It finally hit me in Maruyama Park, when I saw once again the great weeping cherry tree. The last time I’d seen it, it had been in glorious full bloom, the petals cascading down in an explosion of life greeting the spring; now, on a bitter winter’s afternoon the branches were bare, the park deserted and forlorn under a sheen of fine rain. Now, the memories came welling up, and with them came the tears I’d been waiting for. I hadn’t really expected this park to be the place to trigger them, there were other places in this city I associated more strongly with memories of her… but the sight of that tree took me back to an April evening of wine and cheese under the cherry blossoms; and now, two years later, seeing that tree again I had to sit down and let the memories run over me and my tears run their course.
So I sat there in Maruyama Park beneath the great weeping cherry tree, and I wept.
The whole time I’d been away, back in my hometown in faraway England, I’d wept each night when I was alone with my thoughts.

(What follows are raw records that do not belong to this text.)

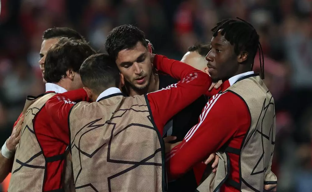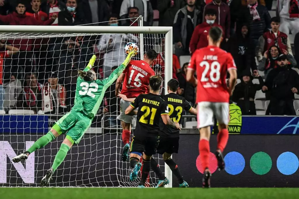 耶梅卓克(15號)門前衝頂破網,為賓菲加追平阿積士2:2之後,這名烏克蘭國腳沒有興奮慶祝,反而走到場邊,掀起球衣展示印有烏克蘭國徽的T恤,以示支持戰火下的祖國,而一眾隊友亦紛紛擁抱他。AP/REUTERS/網上圖片
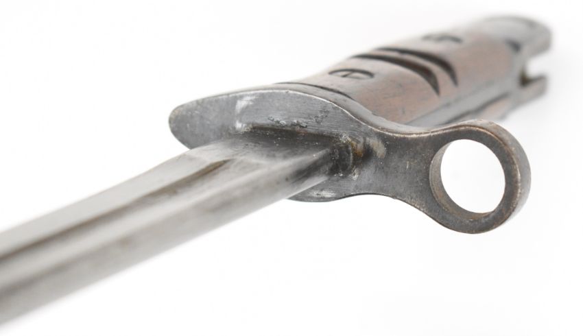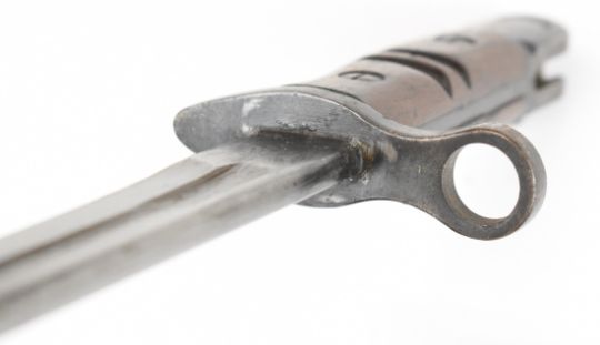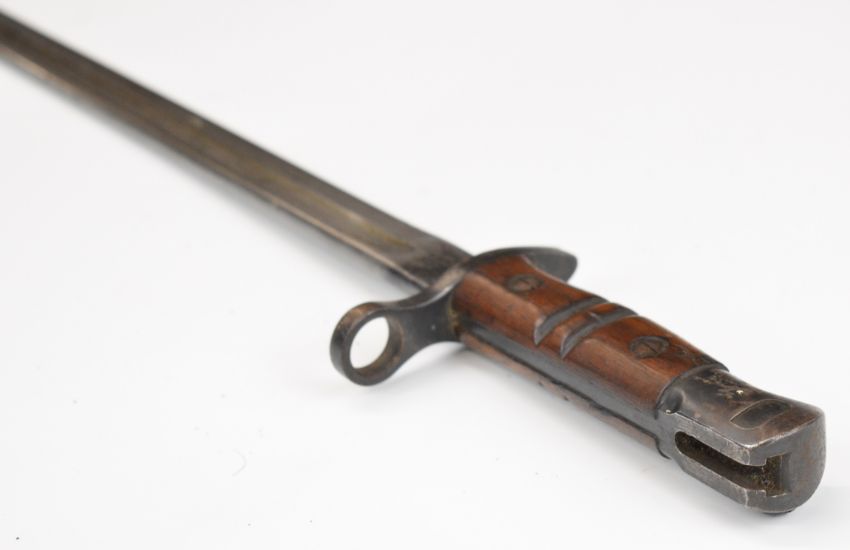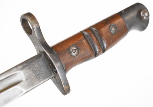 WW1 Remington bayonet with broad arrow, makers mark and date 1913 11 16 to ricasso,, 43cm fullered blade, scabbard. PLEASE NOTE: WE ARE NOT ABLE TO OFFER OUR USUAL POSTAGE SERVICE FOR THIS LOT
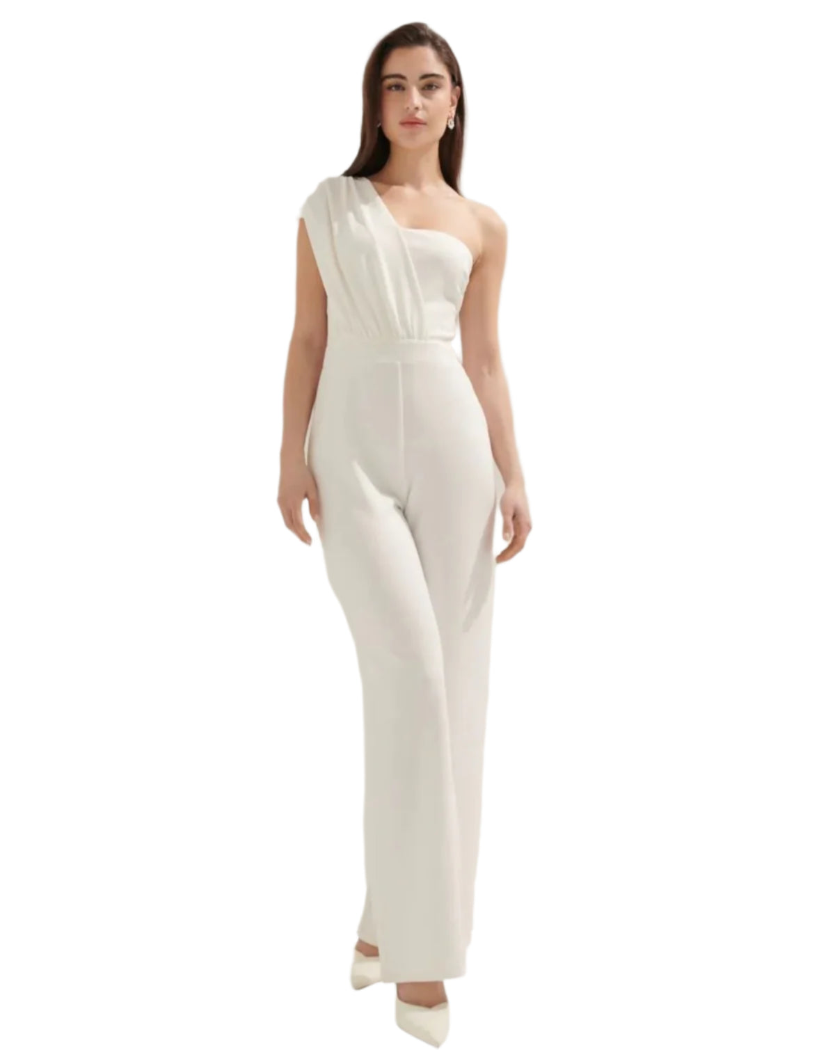 Címke nélküli, ekrü színű, aszimmetrikus vállú ruha, amely elegáns és kifinomult megjelenést kölcsönöz. Egyik vállán pliszírozott redőzés díszíti, míg a másik váll szabadon hagyott. Derékrésze karcsúsított, az egyenes szabású nadrágszárak pedig nyújtják az alakot. Tökéletes választás alkalmi eseményekre, elegáns rendezvényekre vagy különleges megjelenéshez.
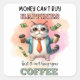 A funny, sarcastic, and colorful design showcases a cat with green eyes and white and gray fur, holding a cup of coffee in each hand. The cat is dressed in a suit jacket with an orange and white striped tie, surrounded by floating dollar bills. The vibrant text reads: "Money can't buy happiness but it can buy you coffee." This design is available on a variety of products, making it a perfect gift for cat lovers.
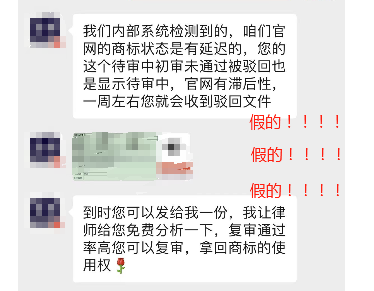 骗子在网上搜寻到商标驳回结果的商标信息之后,利用时间差联系到申请人,然后称有内部人员能够提前知道消息;同时还会诋毁你原来的代理机构多么不专业,信息多滞后等等来获取你的信任;当你一旦对原代理机构失望之后,他们就开始实施骗局的重点了;通过讲述“包过”,“保成”等一些口头承诺向申请人索要驳回复审的费用。

I’d been longing for this city of purple hills, this sultry temptress of the East; yet I’d also been dreading my return, for I’d left a piece of my heart here in Kyoto and felt the city was doomed to be a place of sadness for me. But the Kyoto I’d left, that Kyoto didn’t exist anymore, because she wasn’t here anymore; the life that might have been wasn’t here, and never would be. And as my tears finally dried up and I felt the salt crusting on my cheeks, I knew that now I could finally let go. I could finally accept that when I’d stepped off that train and the doors had slid shut between us, and when our eyes had locked one last time through the glass, that that really was the last time I would ever see her; as the train left the station I’d crumpled against the wall in tears, walked home in tears, and presently had left Kyoto behind, and Japan, and that little piece of my heart with it.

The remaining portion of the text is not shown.